Logical table DQL operations
Logical tables support DQL (Data Query Language) operations including standard queries and a special syntax for querying fields across associated tables.
Limits
-
The SELECT statement can return a maximum of 10,000 rows and the result set must not exceed 10MB. However, when used as a subquery, the SELECT statement is not subject to this limitation and will return all results to the parent query.
-
By default, the SELECT statement is restricted from performing a full table scan on partitioned tables.
SELECT standard query
You can use standard SELECT statements to query logical tables and retrieve data that meets specific criteria.
[with <cte>[, ...] ]
select [all | distinct] <select_expr>[, <except_expr>)][, <replace_expr>] ...
from <ld_data_unit>.<logical_table_name>
[where <where_condition>]
[group by {<col_list>|rollup(<col_list>)}]
[having <having_condition>]
[order by <order_condition>]
[distribute by <distribute_condition> [sort by <sort_condition>]|[ cluster by <cluster_condition>] ]
[limit <number>]
[window <window_clause>]
The data unit name is required and cannot be omitted.
Example explanation:
After creating the logical table 'user' in Dataphin, run the following command to retrieve data from it.

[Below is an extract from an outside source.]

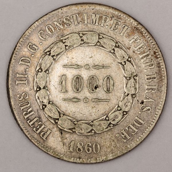 • Numismática, Brasil. 3º Sistema 1000 Reis. Prata. 1860.

SELECT * FROM ld_test.dim_user WHERE ds>0;
SELECT special query (WHERE clause)
Dataphin provides a specialized syntax for querying fields from associated logical tables, simplifying SQL and reducing code complexity.
select <table_alias>.<column_list>
,<table_alias>.<dim_role>[.<dim_role>].<dim_columnn_list>
from <ld_data_unit>.<logical_table_name> <table_alias>
where <where_condition>
Command explanation:
-
table_alias: The alias for the logical table being queried. Required.
-
dim_role: The role name of the associated logical dimension table within the primary table.
-
column_list: The list of fields from the primary table.
-
dim_column_list: The list of fields from the associated logical dimension table.
-
ld_data_unit: The identifier for the data unit.
Example explanation:
In the following example, the order logical fact table ld_test.fct_crt_sale_order_id is linked with the customer logical dimension table ld_test.dim_customer and the address logical dimension table ld_test.dim_address. Additionally, the address logical dimension table ld_test.dim_address is connected to the city logical dimension table ld_test.dim_region_lvl3, which is a hierarchy dimension table with the role name 'dim_city' in 'dim_address'.
To query the customer name and delivery city for a specific order (order ID=123), use the following command:
select crt_sale_order_id
,ord.dim_customer.user_name
,ord.dim_address.dim_city.region_lvl3_name as city_name
from ld_test.fct_crt_sale_order_di ord
where ds = '20230101'
and crt_sale_order_id = 123
This syntax is equivalent to the following standard SQL statement:
select crt_sale_order_id
,cust.user_name
,city.region_lvl3_name as city_name
from (select *
from ld_test.fct_crt_sale_order_di
where ds = '20230101'
and crt_sale_order_id = 123) ord
left outer join
(select *
from ld_test.dim_customer
where ds = '20230101') cust
on (ord.customer_id = cust.customer_id)
left outer join
(select *
from ld_test.dim_address
where ds = '20230101') addr
on (ord.delivery_address_id = addr.address_id)
left outer join
(select *
from ld_test.dim_region_lvl3 --original city hierarchy dimension table name, role name is dim_city
where ds = '20230101') city
on (addr.city_id = city.region_lvl3_id)